As I wrote on the morning after bin Laden's death, this gleeful reaction was understandable given the slaughter Americans witnessed on 9/11. But there was still something notable, and troubling, about this episode. Such a rare display of unified, chest-beating national celebration is now possible only when the government produces a corpse for us to dance over. Some suggested at the time that Osama bin Laden was sui generis and that no lessons could or should be drawn from his killing; for that reason, even many people who are generally uncomfortable with such acts proudly celebrated his death as the elimination of a singular evil. But it seems clear that the bin Laden episode was no aberration, no exception: the American citizenry rarely finds cause to exude nationalistic pride except when the government succeeds in ending someone's life.

Since the bin Laden killing, we have witnessed a similar joyous reaction when the U.S. assassinated its own citizen, Anwar Awlaki (along with another American dubiously claimed to be "collateral damage") -- even though Awlaki was never indicted as a Terrorist, charged with treason, or accorded any due process, and even though the government never showed the public any evidence supporting its accusations. Instead, Obama officials, with no evidence offered, simply declared him to be a Bad Terrorist, and that was all that was needed: hordes of his fellow Americans did not merely approve -- but cheered -- the news that a drone had found and killed him.

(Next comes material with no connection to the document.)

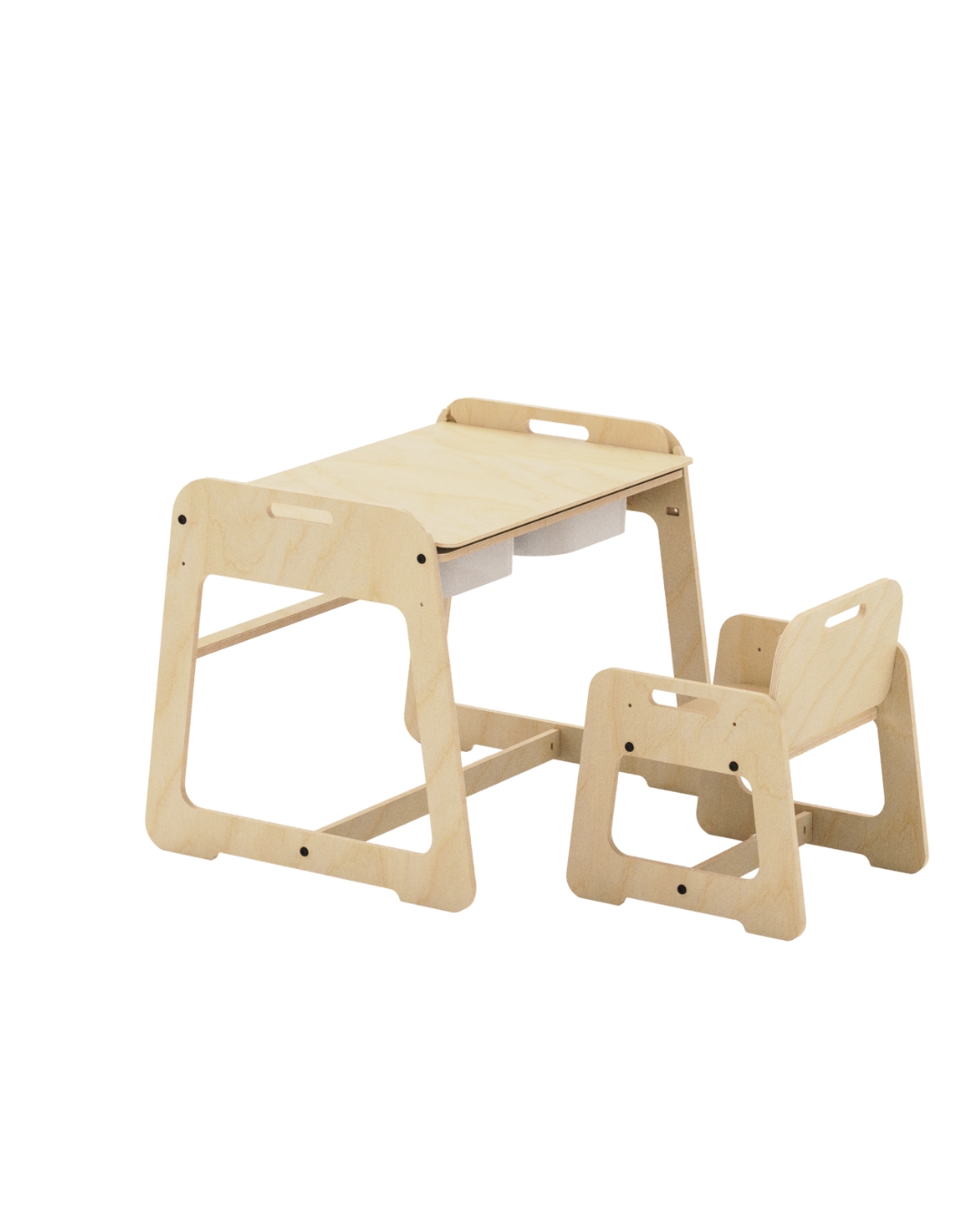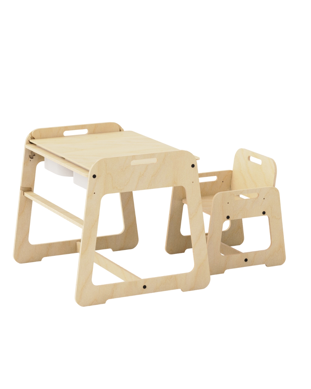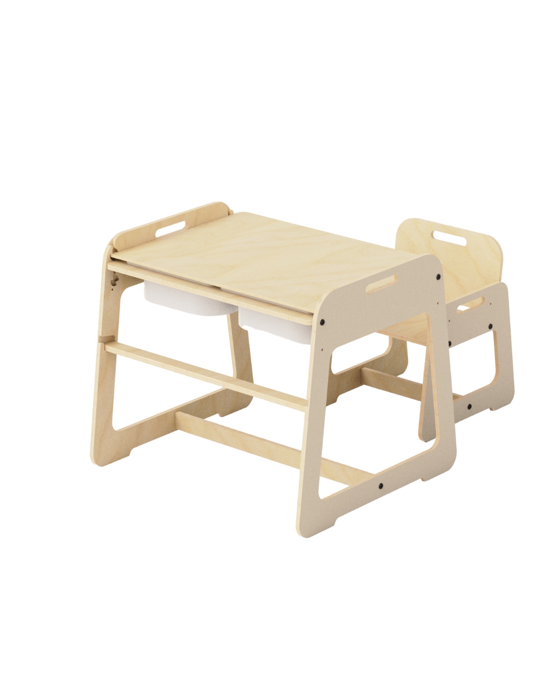 MyTable sto spaja igru i funkcionalnost u modernom dizajnu. Skrivenu površinu za igru i tablu za crtanje upotpunjuju dve podesive visine i kompaktan oblik-idealan za Montessori prostor i savremene domove.

Identically, both before and after the Awlaki killing, Americans have routinely celebrated the drone-deaths of hundreds of individuals about whom they knew nothing other than the fact that the Terrorist label had been applied to them by the U.S. Government. It's as though there is a belief that American missiles do not detonate unless they hit an actual Terrorist.

And now the graphic photo of the corpse of Moammar Gaddafi is once again sparking outbursts of American pride -- despite the fact that he was captured alive, and very well may have been summarily executed. As I wrote previously, "no decent human being would possibly harbor any sympathy for Gadaffi, just as none harbored any for Saddam." And it's understandable that Libyans who suffered for four decades under his rule (like Americans after 9/11 or Muslims after years of violence and aggression in their countries) would be eager for vengeance. Nonetheless, and regardless of what one thinks about Gadaffi or the intervention, summarily shooting a helpless detainee in the head is one of the most barbaric acts imaginable -- under all circumstances -- but Gadaffi's gruesome death nonetheless sparked waves of American jubilation and decrees of self-vindication this week.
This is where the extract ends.